The method can also include obtaining or providing the composition. Obtaining or providing the composition can occur above-surface or in the subterranean zone. The method can also further include combining the composition with an aqueous or oil-based fluid including a drilling fluid, stimulation fluid, fracturing fluid, spotting fluid, clean-up fluid, completion fluid, remedial treatment fluid, abandonment fluid, pill, acidizing fluid, cementing fluid, packer fluid, logging fluid, or combinations of these to form a mixture. Placing the composition in the subterranean zone includes placing the mixture in the subterranean zone.

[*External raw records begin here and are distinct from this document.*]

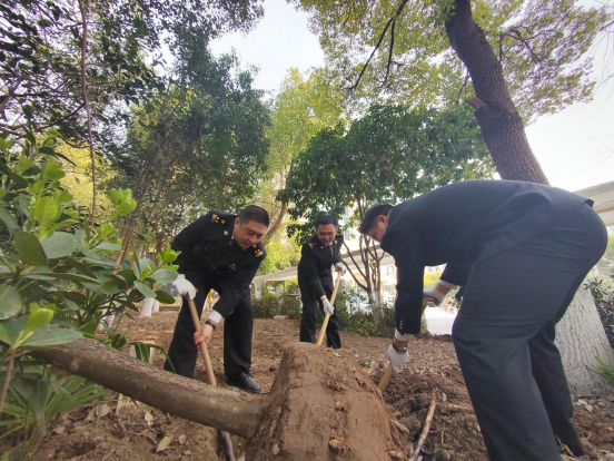 活動得到了全體干部職工的積極響應,在荊州海關前院西面灌木區(qū),眾人手持鐵鍬、鋤頭,一同挖坑、扛苗、散苗、擺正樹苗、培土澆水,干勁十足,熱火朝天。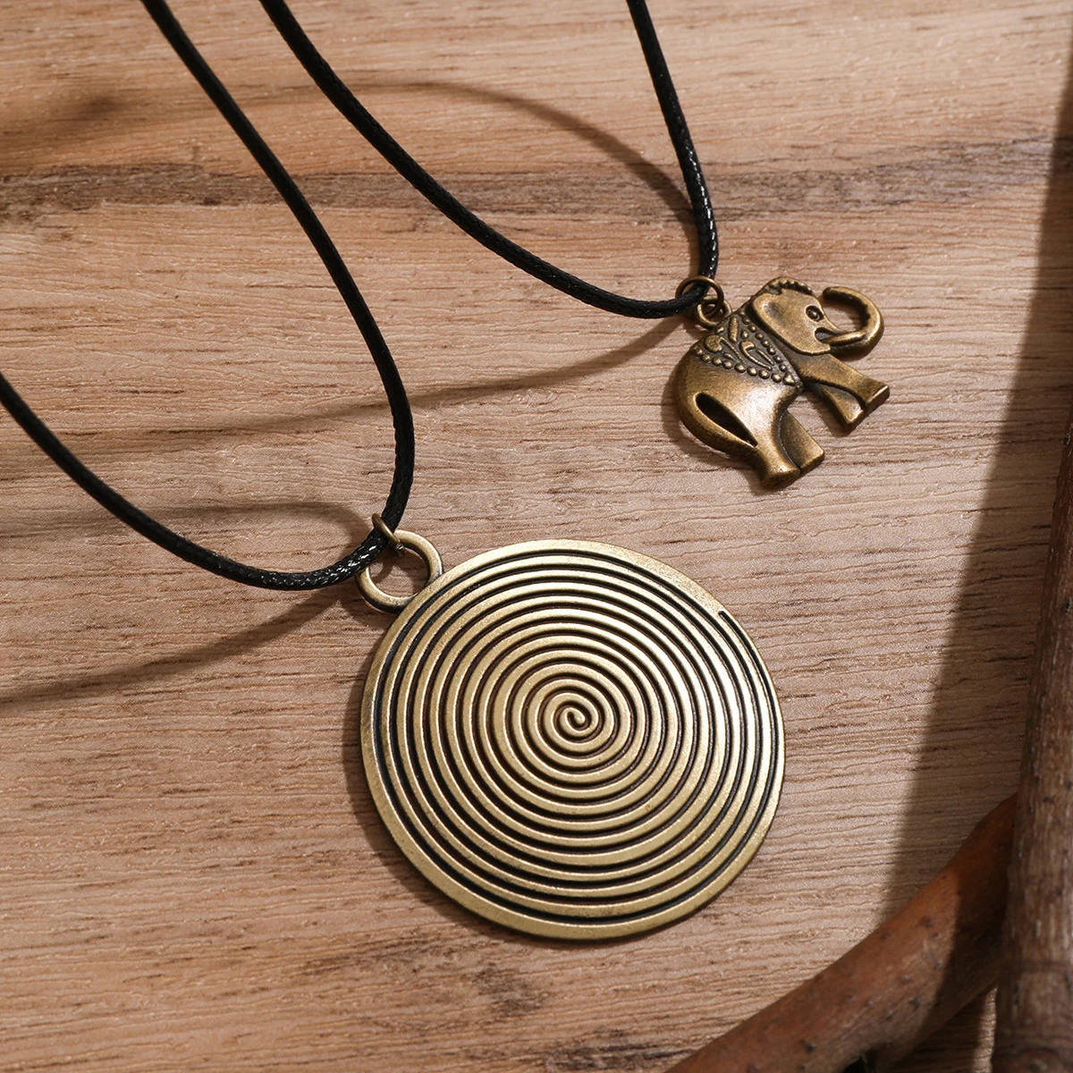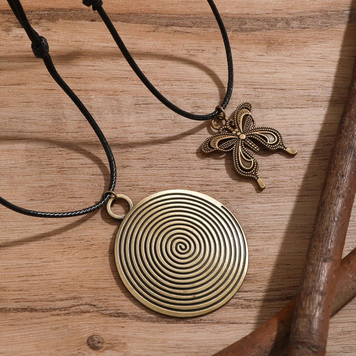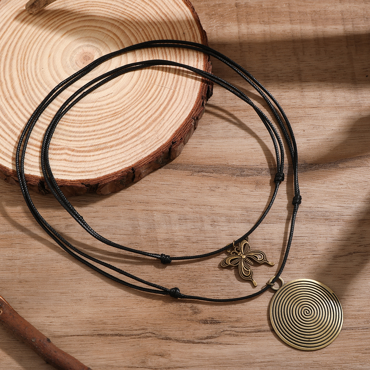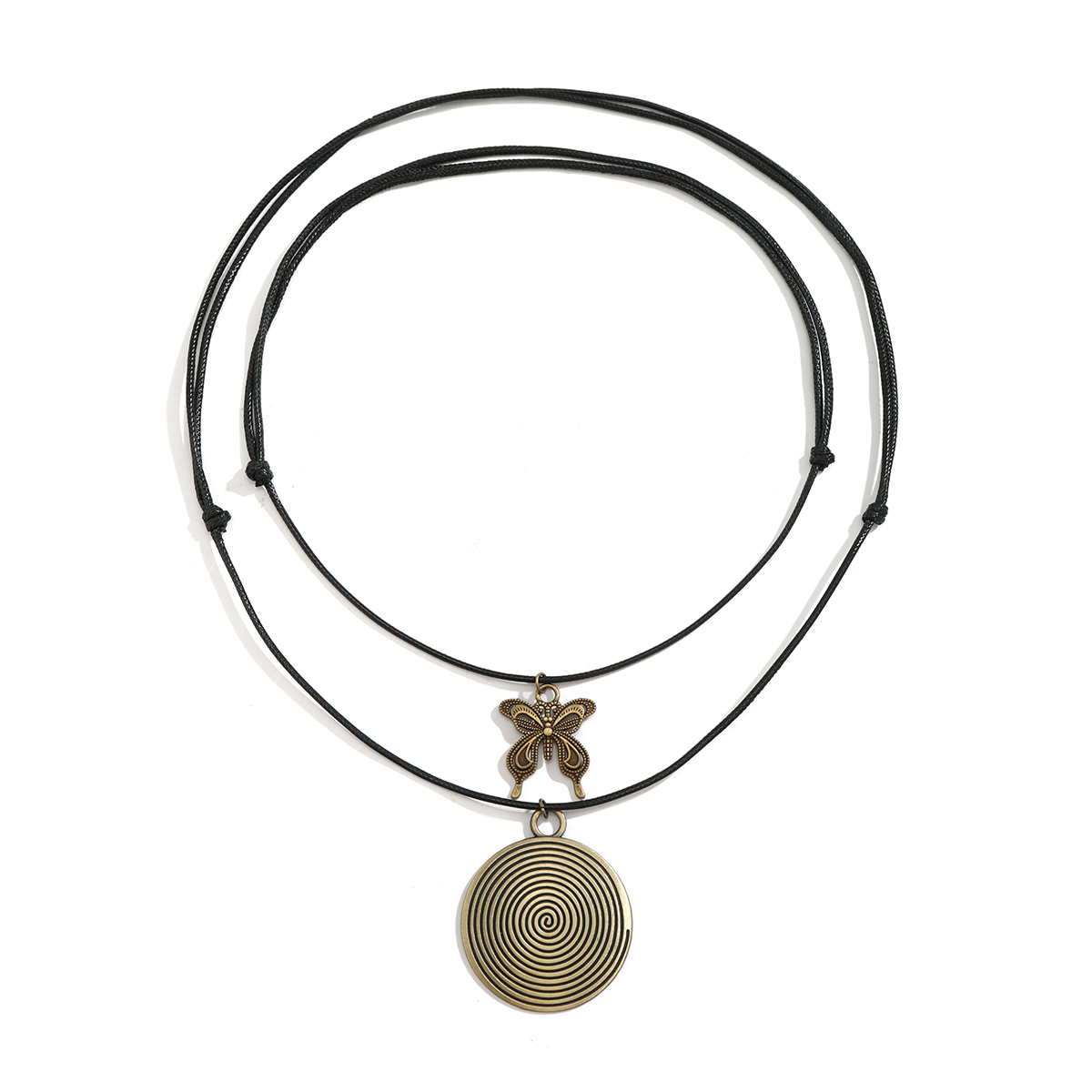 Fleepmart Vintage Metal Butterfly Elephant Pendant Necklace Gothic Adjustable Wax Rope Chain Choker Women Harajuku Beach Jewelry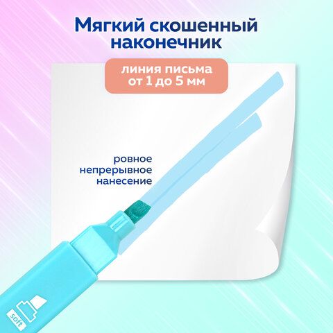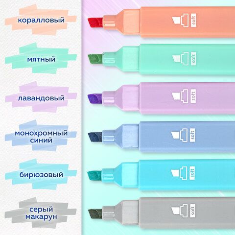 Набор текстовыделителей 6 ПАСТЕЛЬНЫХ ЦВЕТОВ, BRAUBERG "Macaroon", мягкий скошенный наконечник 1-5 мм, 152515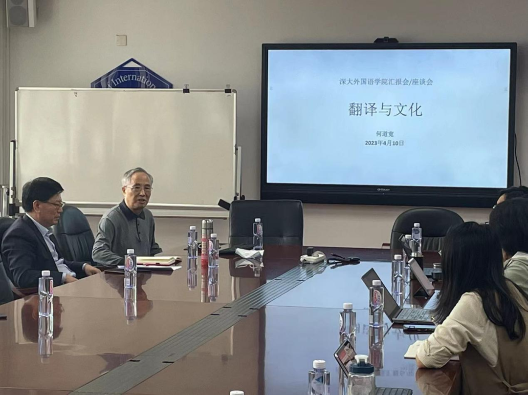 外国语学院荣休教授、资深翻译家何道宽先生以《翻译与文化》为题,向在场师生们分享了自己的翻译心得,并强调翻译一定要放在文化语境中、结合文化去翻译,翻译者也是文化的传播者。
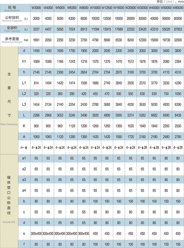 W3000L-W80000L臥式搪玻璃貯罐(臥式搪玻璃儲罐)設計圖紙及參數如下所示: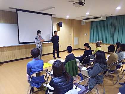 北消防署から講師をお招きし、校下小学校の保護者の方々も含め、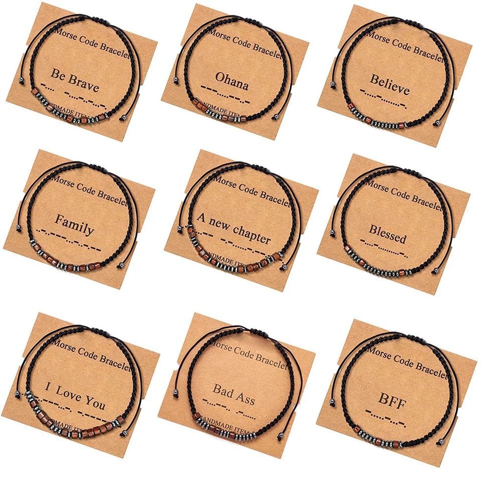Handmade Jewelry Black Couple Bracelet Adjustable Braided Bracelet For Woman Morse Code Bracelet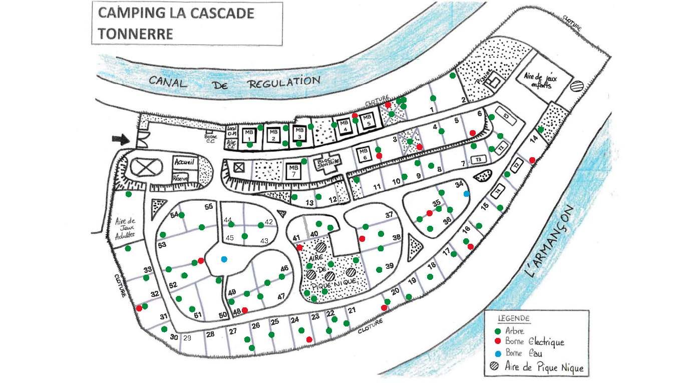 In the north of Burgundy and in the heart of the Yonne, in the town of the Chevalier d'Eon, whether you're driving, taking the train, walking or cycling, a lover of art or history, a sportsman or a contemplative, the Cascade campsite awaits you.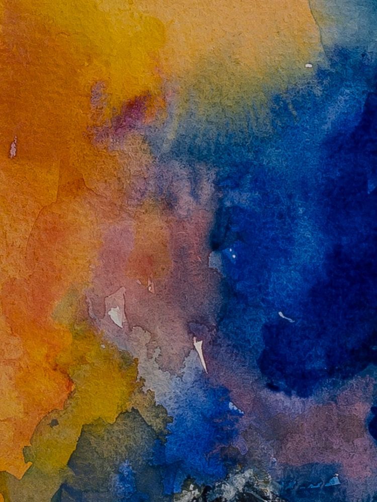 Een explosieve aquarel waarin de elementen op elkaar botsen. Links laait een intens warm oranjegeel op als vuur aan de hemel, terwijl rechts diepblauw en indigo zich als dreigende wolkenmassa's samenpakken. Onderaan kolkt donker, woest water — krachtig en ontembaar.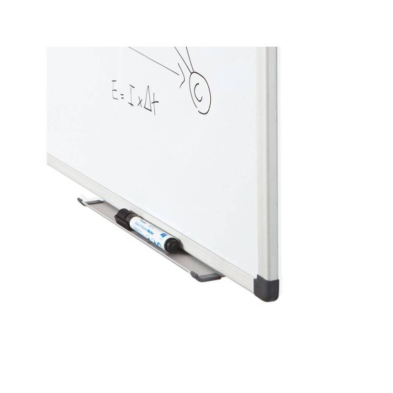 Pizarra lacada con marco de aluminio anodizado y cantoneras embellecedorasde pvc. Superficie apta para la escritura con rotuladores de borrado en s eco e imanes. Incluye una bandeja para rotuladores y sus accesorios para la instalación en la pared. Recomendada para un uso frecuente. Más modelos disponibles |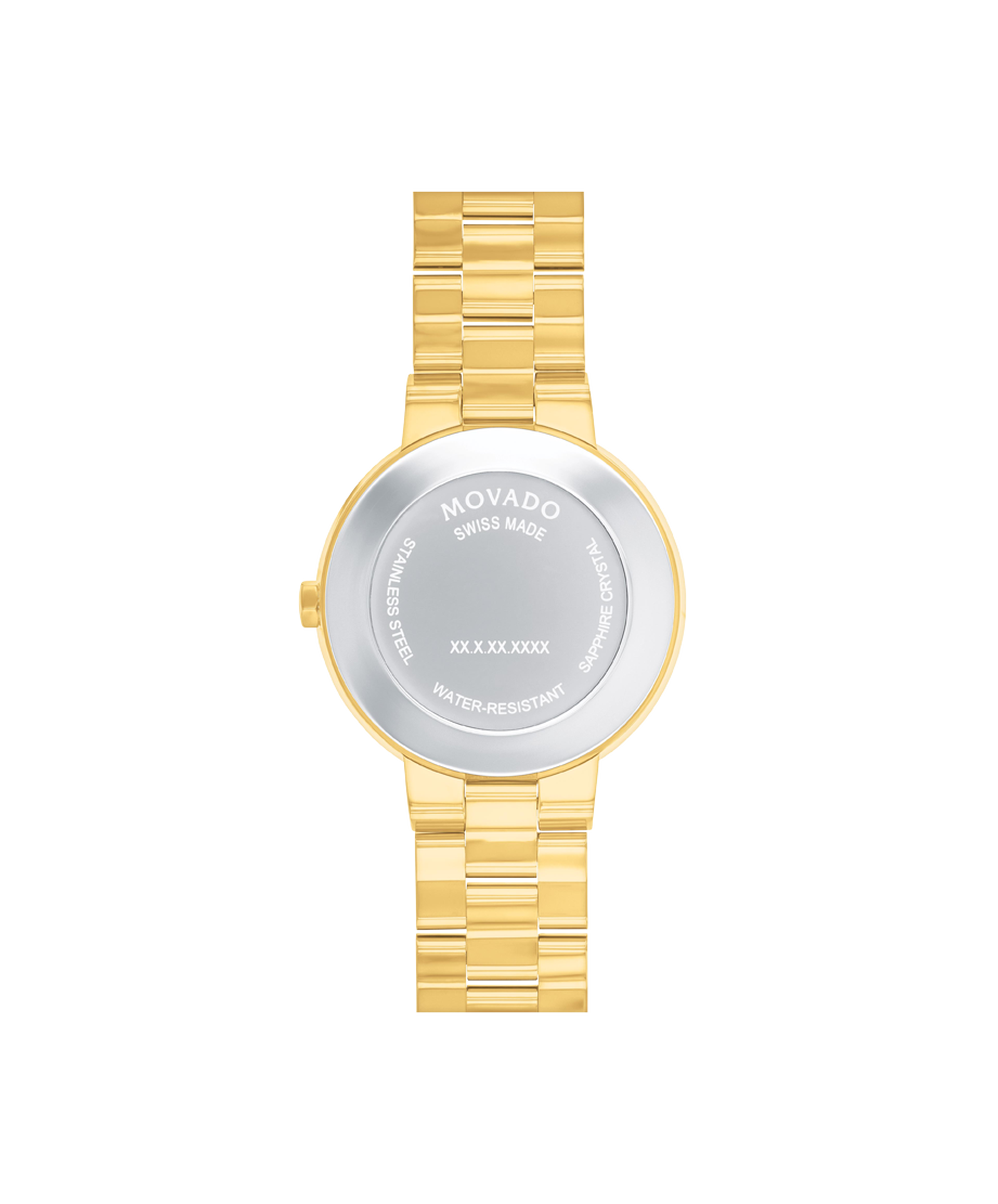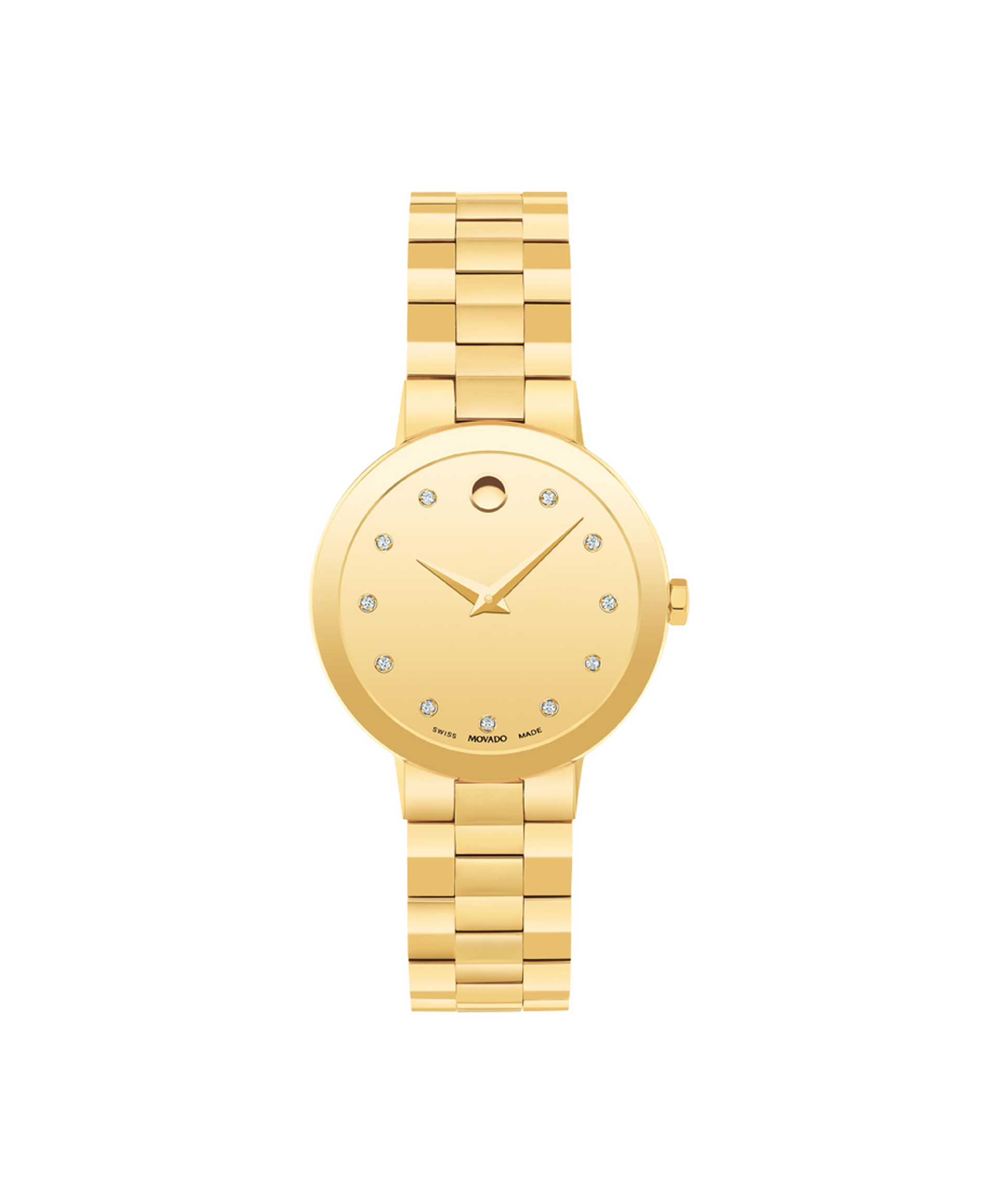 The Sapphire is strikingly streamlined with sleek edge-to-edge sapphire crystal and an integrated bracelet. This 28mm watch features a yellow gold-tone mirror dial, diamond hour markers, and our signature at 12 o'clock.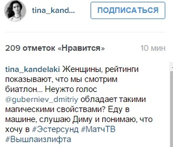 «Женщины, рейтинги показывают, что мы смотрим биатлон... Неужто голос Дмитрия Губерниева обладает такими магическими свойствами? Еду в машине, слушаю Диму и понимаю, что хочу в Эстерсунд», – написала Канделаки.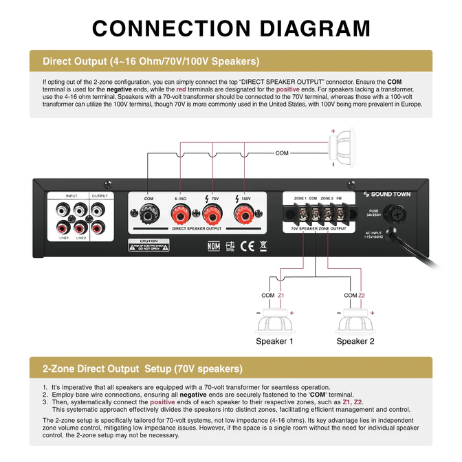 The power amplifier comes with two sets of RCA inputs, two mic inputs, and Bluetooth, USB, FM radio, FM antenna and RCA line output, 70V / 100V / 4~16-ohm red positive speaker output terminals and shared negative speaker output terminal. Its versatile input and output options allows you to easily set this up in a variety of multi-room applications. Each of the two mics input has echo control all two zones have separate volume knobs for easy adjustment.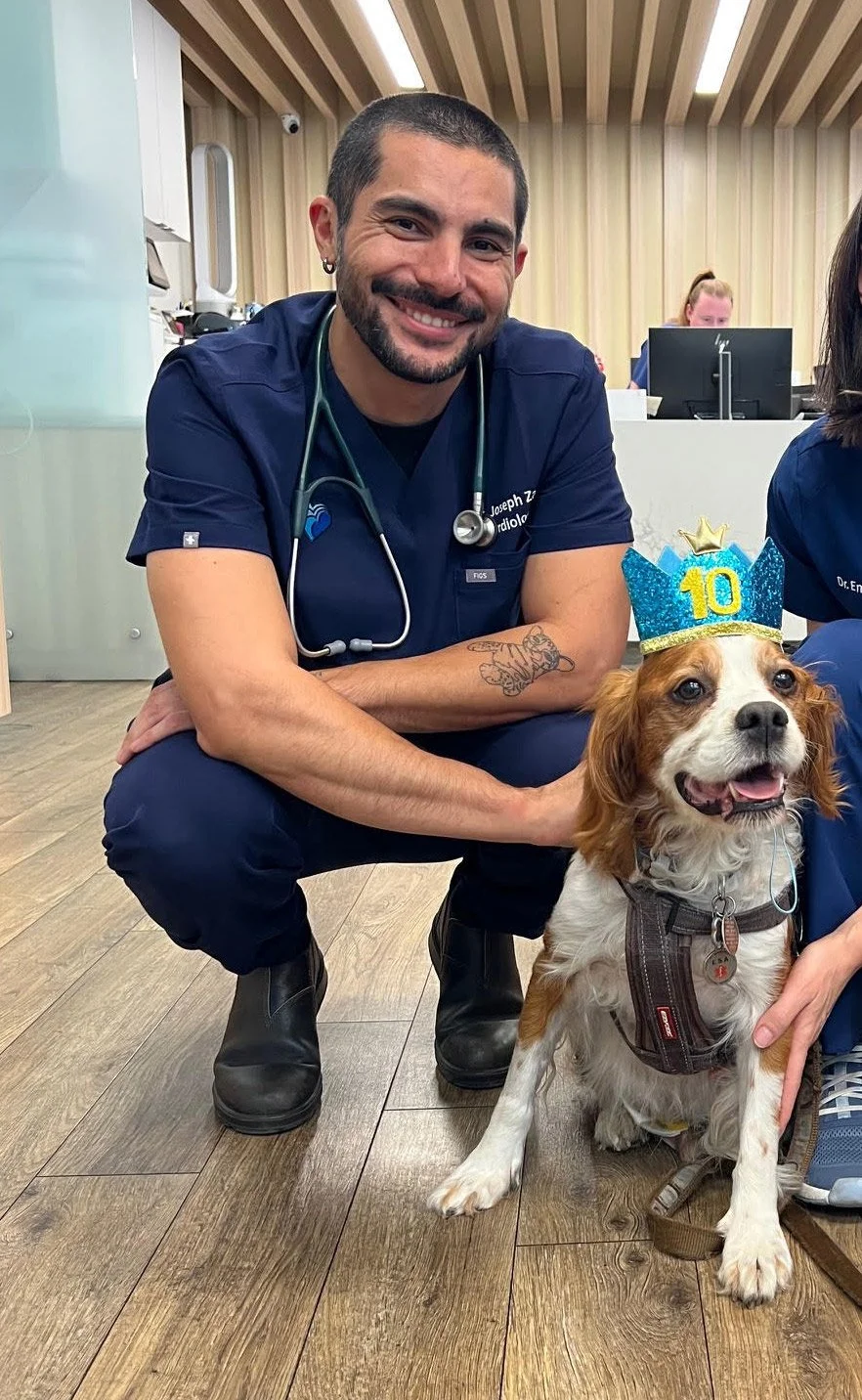 Dr. Joseph Zarin grew up in Los Angeles, CA and attended UC Santa Barbara to earn his bachelor’s degree in Molecular, Cellular, and Developmental Biology. He attended veterinary school at UC Davis where he earned his doctorate in veterinary medicine. He completed a small animal rotating internship at the University of Georgia, followed by an emergency and critical care specialty internship at Massachusetts Veterinary Referral Hospital. Dr. Zarin then completed a three-year cardiology residency at Angell Animal Medical Center and became a board-certified cardiologist. He finally returned home to Los Angeles to be closer to family and friends. Dr. Zarin appreciates all aspects of cardiology and finds particular fulfillment in helping patients return home after overcoming an episode of congestive heart failure.

The composition can also further include a saline, an aqueous base, an oil, an organic solvent, a synthetic fluid oil phase, an aqueous solution, an alcohol or polyol, a cellulose, a starch, an alkalinity control agent, an acidity control agent, a density control agent, a density modifier, an emulsifier, a dispersant, a polymeric stabilizer, a crosslinking agent, a polyacrylamide, a polymer or combination of polymers, an antioxidant, a heat stabilizer, a foam control agent, a diluent, a plasticizer, a filler or inorganic particle, a pigment, a dye, a precipitating agent, a rheology modifier, an oil-wetting agent, a set retarding additive, a surfactant, a corrosion inhibitor, a gas, a weight reducing additive, a heavy-weight additive, a lost circulation material, a filtration control additive, a salt, a fiber, a thixotropic additive, a breaker, a curing accelerator, a curing retarder, a pH modifier, chelating agent, a scale inhibitor, an enzyme, a resin, a water control material, an additional oxidizer, a marker, a Portland cement, pozzolana cement, a gypsum cement, a cement with alumina content, a slag cement, a silica cement, a fly ash, a metakaolin, a shale, a zeolite, a crystalline silica compound, an amorphous silica, a hydratable clay, a microsphere, a pozzolan lime, or combinations of these.

The method can further include fracturing the subterranean zone. In some implementations, the fracturing includes slickwater fracturing. The slickwater fracturing can employ an aqueous fluid to induce a subterranean fracture. The slickwater fluids can include a fresh water or a brine having sufficient friction reducing agents to minimize the tubular friction pressures.

In some implementations, at least one of prior to, during, and after the placing of the composition in the subterranean zone, the composition is used in the subterranean zone, at least one of alone or in combination with other materials, as a drilling fluid, stimulation fluid, fracturing fluid, spotting fluid, clean-up fluid, completion fluid, remedial treatment fluid, abandonment fluid, pill, acidizing fluid, cementing fluid, packer fluid, logging fluid, or combinations of these.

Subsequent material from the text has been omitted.